*** Block opens ***
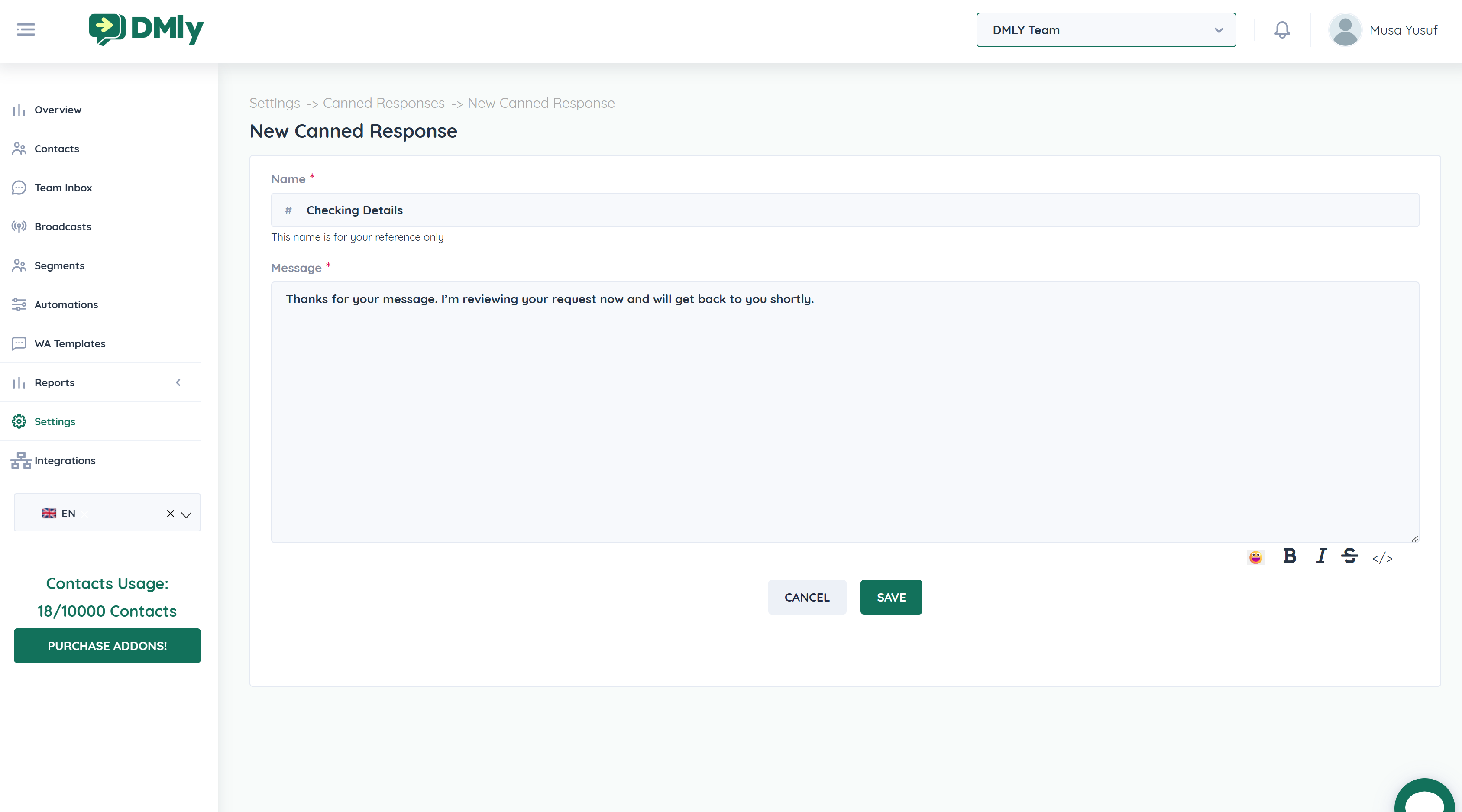 How to Create a Canned ResponseNavigate to Settings → Canned Responses
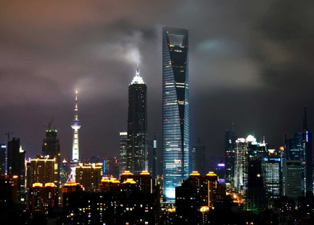 Updated: 2008-08-26 23:51 ![]() Undated file photo of a view of the Shanghai World Financial Center (C) at night in Shanghai. Observation decks on 100th and 97th floors of the 101-storey tower, overlooking the city, are set to be finished and open to the public at the end of this month, providing visitors a spectacular view of downtown Shanghai and the winding Huangpu River. [file]
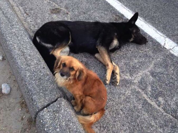 Mały rudy piesek krążył wokół ciężarnej owczarki, która została potrącona przez samochód. Pies pilnował przyszłej matki i próbował szukać pomocy, ale kierowcy przejeżdżających samochodów zwyczajnie ignorowali zwierzęta.
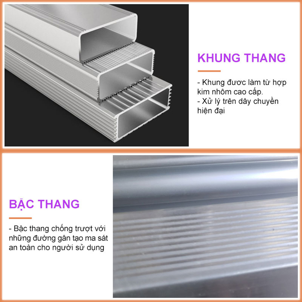 Mua tại Tiktok* Đặc điểm nổi bật: - Đạt tiêu chuẩn EN131 an toàn của Châu Âu. - Được thiết kế nhôm chống trượt. - Được sản xuất chất liệu nhôm với các bản lề, khóa an
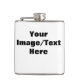 The flask itself is fine. It’s a cheap flask, obviously bought in bulk, however am prepared to overlook that. Given that it is a personalized item, I would have liked to have seen gift boxing instead of the generic packaging. Terrible printing, and/or quality. It’s a cheap, tacky vinyl. It is not cut straight and is also applied in a way that it is overhanging the bottom, causing the glue to catch on items and it will eventually roll and tear, damaging the wrap.
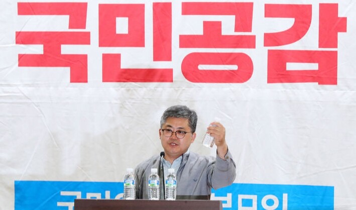 ▲ 함운경 국민동행 전북지부 대표가 지난해 6월 28일 국회에서 열린 국민의힘 공부모임 '국민공감'에서 '후쿠시마 원전 처리수를 둘러싼 과학과 괴담의 싸움-어민과 수산업계의 절규를 듣다'를 주제로 강연하고 있다. [뉴시스]
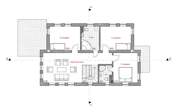 Проект содержит три раздела – АрхитектурныйКонструктивный и Инженерный: водоснабжение, отопление, вентиляция, канализация, электроснабжение (приобретается за дополнительную плату) + Пояснительная записка.
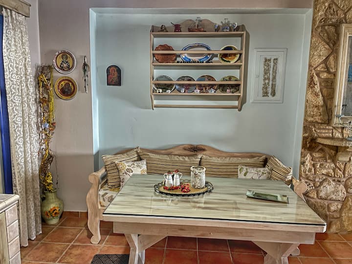 - بيوت عطلات للإيجار مخصصة للعطلات مع أماكن للجلوس في الهواء الطلق في اليونان
*** Block closes ***
- TRY IT -
Print all the material above exactly, and drop the images.

- EXERCISE OUTPUT -
 How to Create a Canned ResponseNavigate to Settings → Canned Responses
 Updated: 2008-08-26 23:51 ![]() Undated file photo of a view of the Shanghai World Financial Center (C) at night in Shanghai. Observation decks on 100th and 97th floors of the 101-storey tower, overlooking the city, are set to be finished and open to the public at the end of this month, providing visitors a spectacular view of downtown Shanghai and the winding Huangpu River. [file]
 Mały rudy piesek krążył wokół ciężarnej owczarki, która została potrącona przez samochód. Pies pilnował przyszłej matki i próbował szukać pomocy, ale kierowcy przejeżdżających samochodów zwyczajnie ignorowali zwierzęta.
 Mua tại Tiktok* Đặc điểm nổi bật: - Đạt tiêu chuẩn EN131 an toàn của Châu Âu. - Được thiết kế nhôm chống trượt. - Được sản xuất chất liệu nhôm với các bản lề, khóa an
 The flask itself is fine. It’s a cheap flask, obviously bought in bulk, however am prepared to overlook that. Given that it is a personalized item, I would have liked to have seen gift boxing instead of the generic packaging. Terrible printing, and/or quality. It’s a cheap, tacky vinyl. It is not cut straight and is also applied in a way that it is overhanging the bottom, causing the glue to catch on items and it will eventually roll and tear, damaging the wrap.
 ▲ 함운경 국민동행 전북지부 대표가 지난해 6월 28일 국회에서 열린 국민의힘 공부모임 '국민공감'에서 '후쿠시마 원전 처리수를 둘러싼 과학과 괴담의 싸움-어민과 수산업계의 절규를 듣다'를 주제로 강연하고 있다. [뉴시스]
 Проект содержит три раздела – АрхитектурныйКонструктивный и Инженерный: водоснабжение, отопление, вентиляция, канализация, электроснабжение (приобретается за дополнительную плату) + Пояснительная записка.
 - بيوت عطلات للإيجار مخصصة للعطلات مع أماكن للجلوس في الهواء الطلق في اليونان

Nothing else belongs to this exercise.